Introduction

In urological diagnostics and surgery planning, a profound understanding of the anatomical structure of the upper urinary tract (UUT), including the ureter and renal pelvis, is crucial. Many imaging techniques, such as intravenous urography (IVU), computed tomography urography (CTU), and magnetic resonance urography (MRU), can reveal the anatomical structure of the UUT. However, each of these imaging examinations has its own drawbacks. IVU and CTU require intravenous injection of contrast media and have the risk of phlebitis, allergic reactions, and contrast-induced nephropathy1,2,3. In addition, CTU often cannot achieve complete visualization of UUT 4,5,6. Magnetic resonance urography (MRU) is noninvasive, but its image quality relies on the water signal and it has rather poor image quality for normal kidneys and ureters without hydronephrosis7.

Non-enhanced CT (NECT) scan is noninvasive, does not require contrast media, and can be applied on almost all patients except pregnant women. It can also reveal the anatomical structure of UUT8. In fact, it is possible to distinguish the outline of the renal pelvis and ureter on a thin-layer non-enhanced CT scan most of the time. Hence, it is also possible to perform three-dimensional (3D) reconstruction of the UUT on NECT scans. However, at present, it cannot replace invasive techniques such as IVU and CTU. First, distinguishing the ureter from adjacent structures on NECT scans is extremely tricky without contrast media. Second, although experienced radiologists can identify the ureter on a non-enhanced CT scan, it is a time-consuming and labor-intensive task. Currently, radiologists and urologists cannot obtain 3D structures of UUT through a NECT scan; they still need invasive examinations such as CTU and IVU to fulfill their needs9.

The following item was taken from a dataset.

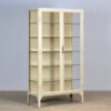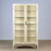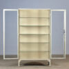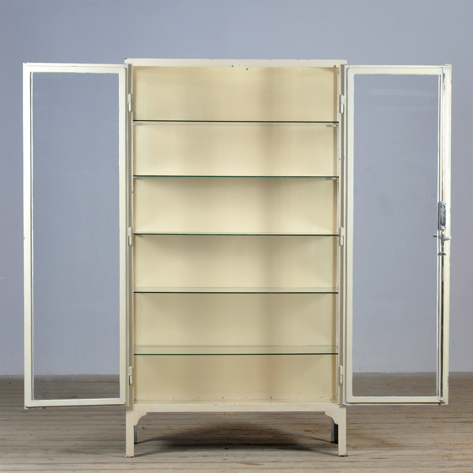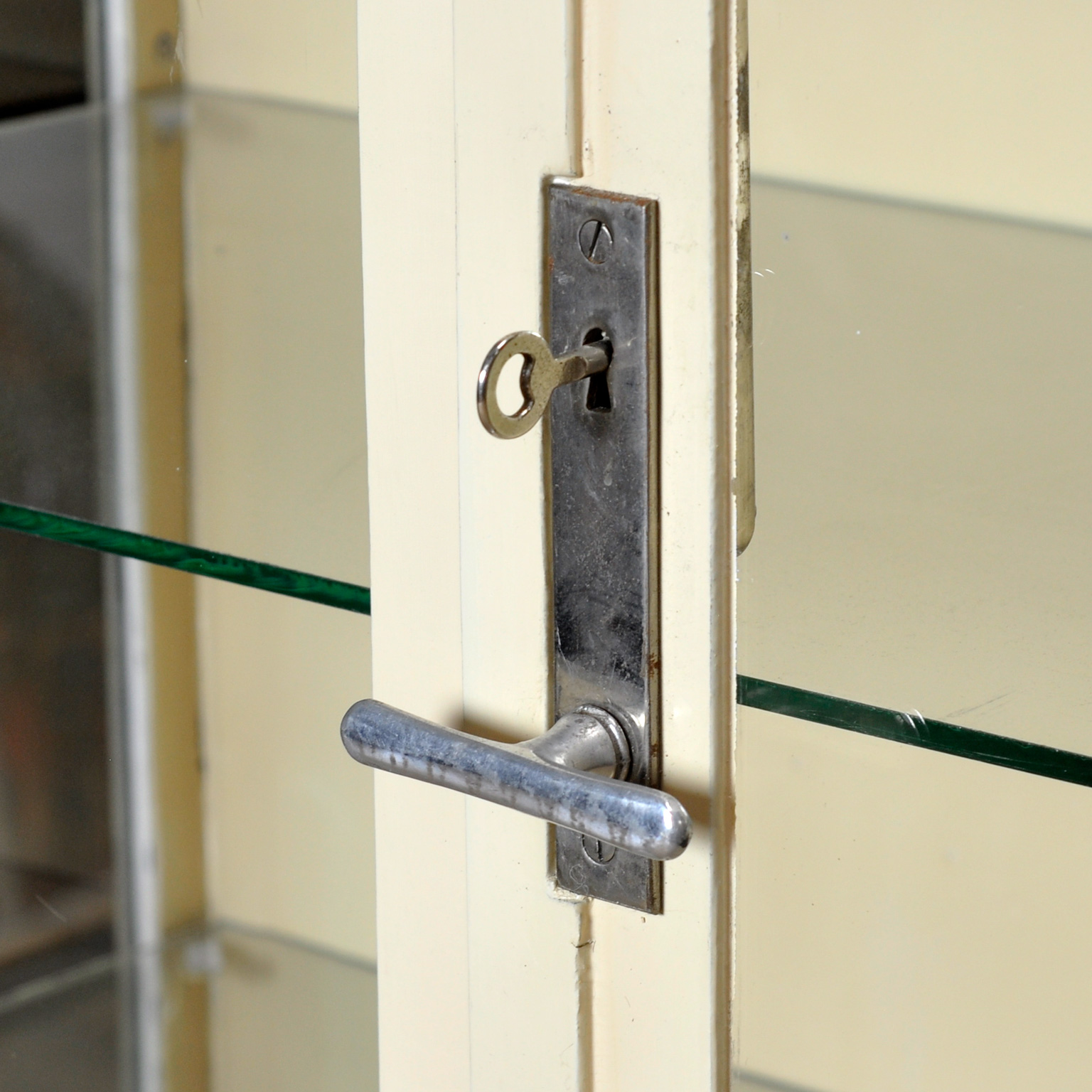 Medicijnkast uit de jaren ’30 met het originele slot en hendel. Deze vitrinekast is gemaakt van ijzer met glazen legplanken, ideaal voor het tonen of opbergen van je mooiste items. De kast combineert industriële charme met tijdloze elegantie en past perfect in zowel moderne als vintage interieurs. Een uniek stuk met karakter en geschiedenis. De kast heeft nog zijn originele antieke glas op een zijkant na.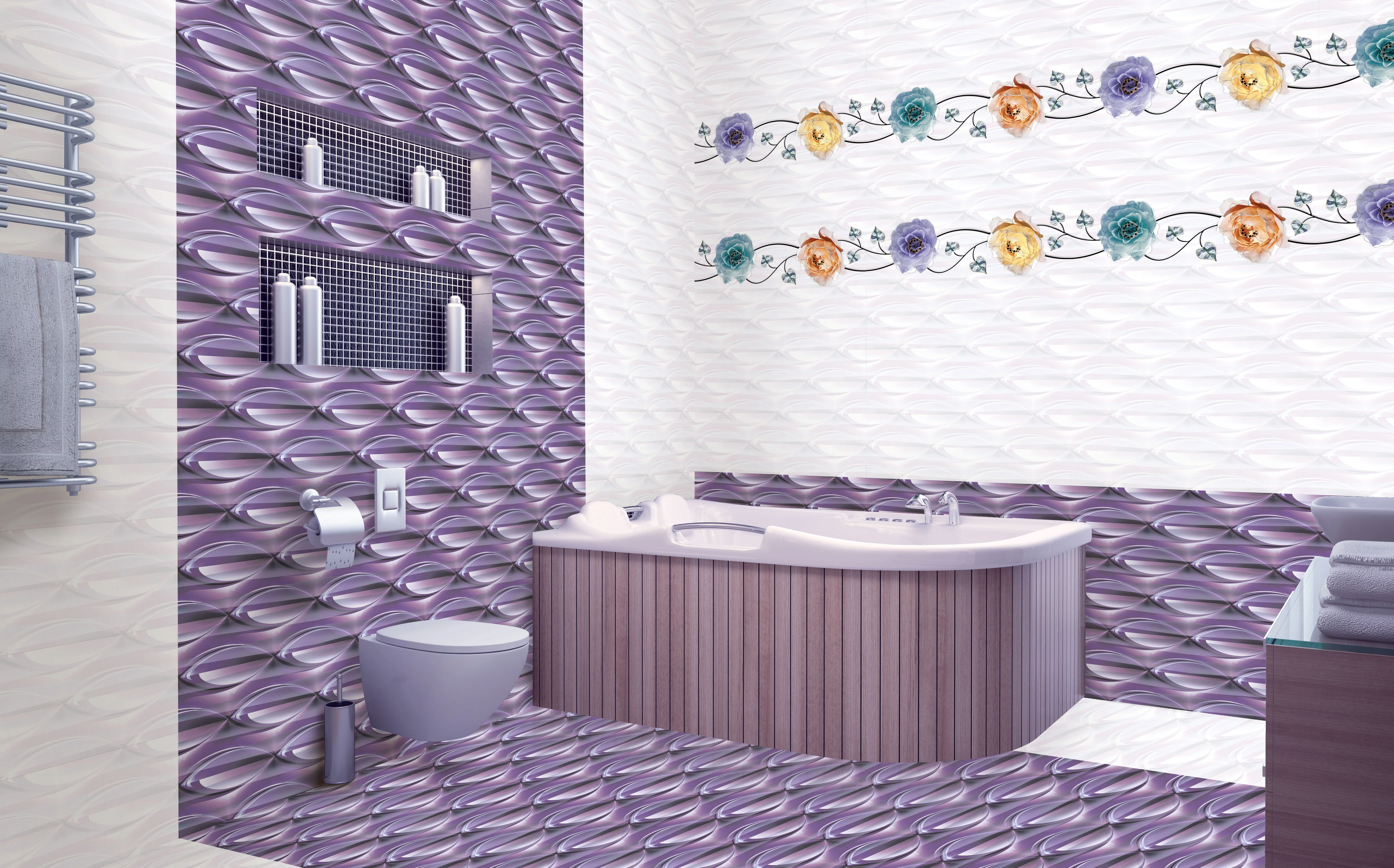 FAIANTA BOWL PURPLE HL - 25X75 cm, ceramica glazurată, lucioasă, rectificată, decor floral 3D în nuanțe mov și crem, pentru interioare rafinate.

In recent years, deep learning (DL) models based on artificial neural networks have been extensively employed in medical imaging, demonstrating promising results. DL models can perform different tasks such as lesion detection, organ segmentation, and diagnosis10,11,12,13,14. We believe that DL models can also perform urinary tract segmentation on NECT scans with proper design and adequate training. Considering the tiny volume of the UUT (usually less than 0.1% of all voxels in a CT scan), and the significant structure difference between renal pelvis and ureter, the challenges of a low ground truth share and structural differences pose serious obstacles for existing DL models in accurately segmenting the UUT15,16.

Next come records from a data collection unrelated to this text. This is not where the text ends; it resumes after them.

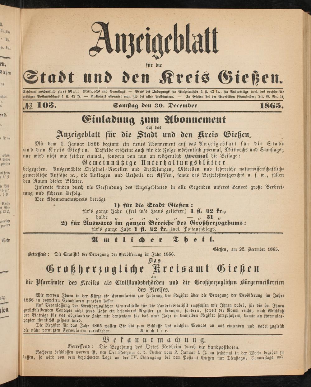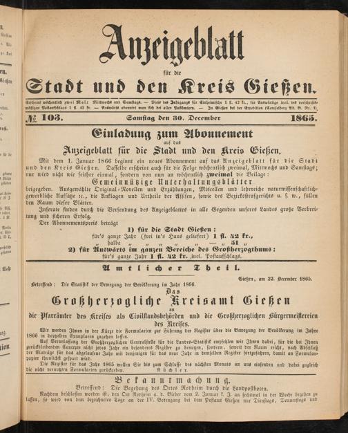 Anzeigeblatt für die Provinzialhauptstadt Gießen. 1840-1867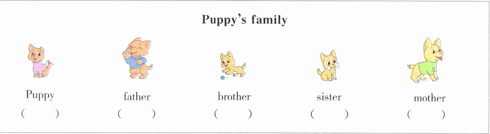 二 听录音,根据所听内容,用阿拉伯数字给 Puppy 和家庭成员排序。(听两遍)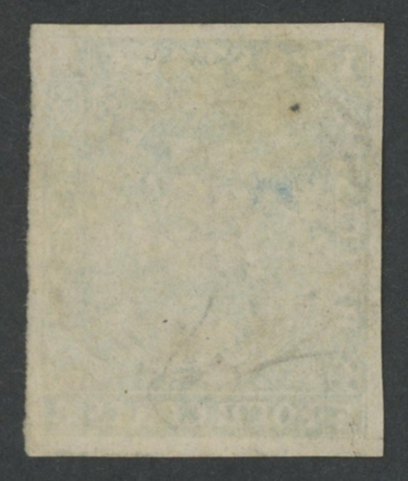 1853-55 Unframed Corner Figures Imperforate 4c blue SG 19, good even margins, writing-ink on the reverse, largely very fine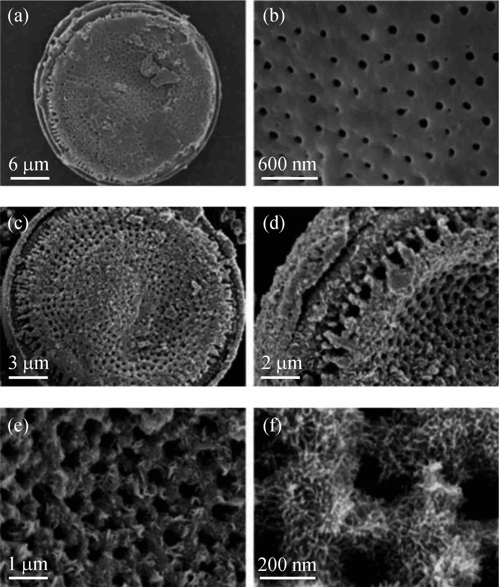 (a)和(b)纯化硅藻土;(c)和(d)NiO改性硅藻土复合材料;(e)和(f)硅藻土壳中心的孔隙

In this paper a DL-based method was proposed to tackle aforementioned issues. Utilizing image cropping and sectional training, the proposed method effectively alleviated the influence of low ground truth share and structural differences. Extensive experiments demonstrated that the proposed method could perform end-to-end UUT segmentation and achieved comparable accuracy with radiologists in many cases. Therefore, the method studied in this paper is a desirable segmentation approach, which could remarkably reduce the work load of urologists and save many patients from invasive exams17.

Materials and Methods

Dataset

All experimental protocols of this study were approved by the ethical committee of the Second Hospital of Shandong University (No. KYLL-2023-088, March 6 2023). All methods were carried out in accordance with relevant guidelines and regulations. Informed consent was obtained from all subjects. The flowchart of case selection of the train, validation and test sets is shown in Fig. 1. We searched the picture archiving and communication system (PACS) database of our hospital for NECT scans of the abdomen and pelvis from January 2022 to December 2022 and acquired 2334 entries. The inclusion criteria were as follows: (1) thin-layer NECT scans (1.25-mm slices) that covered the kidneys, ureter, and bladder; (2) the left renal pelvis and the entire length of the left ureter clearly distinguished; and (3) normal anatomical structure of the ureter and pelvis. The exclusion criteria were as follows: (1) the ureter and renal pelvis could not be fully and clearly distinguished; (2) morbidity affecting the UUT, such as renal mass, renal cyst, hydronephrosis, lithosis, and so forth; and (3) anatomical variations, such as ureteral stenosis, duplicated ureters, ampullary renal pelvis, and so forth. After initial selection, 150 scans were selected for further study. A radiologist with more than 10 years of experience marked the structure of the left ureter and renal pelvis on each CT scan and saved the markings as mask files. The CT scans and their corresponding masks were deprived of all private information. They were randomly divided into two datasets: training set (130 cases) and validation set (20 cases). The demographic data of the training and test sets had no significant difference (Table 1).

Fig. 1
figure 1

Flowchart of case selection of the train, validation and test data. NECT: non-enhanced CT; UUT: upper urinary tract; CTU: CT urography.

Table 1 Demographic data of each group.

We searched the PACS database of our hospital for CTU scans from July 2022 to October 2022 and acquired 120 entries to test the accuracy of our models. The inclusion and exclusion criteria were the same as for the training set, but with one addition: each case must have thin-layer scans of the kidney, ureter, and bladder in both non-enhanced and delayed phases. A total of 29 cases were selected for further study. For each case, the non-enhanced scan was used to test trained models. The same radiologist performed left pelvis and ureter reconstruction using delayed-phase scans and marked the structure of the left ureter and renal pelvis on non-enhanced scans. These masked non-enhanced scans were assigned to the test set. All UUT masks were reviewed by a professional urologist with extensive experience of urologic imaging. Any reading disagreement was resolved by consensus reading. Two radiologists with more than 10 years of experience independently reviewed the results of different DL models on the test set and calculated the recall and false positive rate of each model. Any reading disagreement was resolved by consensus reading with senior radiologists and urologists. The corresponding CTU reconstructions were used as comparison. All UUT masks were smoothed with Gaussian filter before training or testing. The inputs for all models were raw data without windowing or normalization. The training data used in this study would be available from the corresponding author upon reasonable request.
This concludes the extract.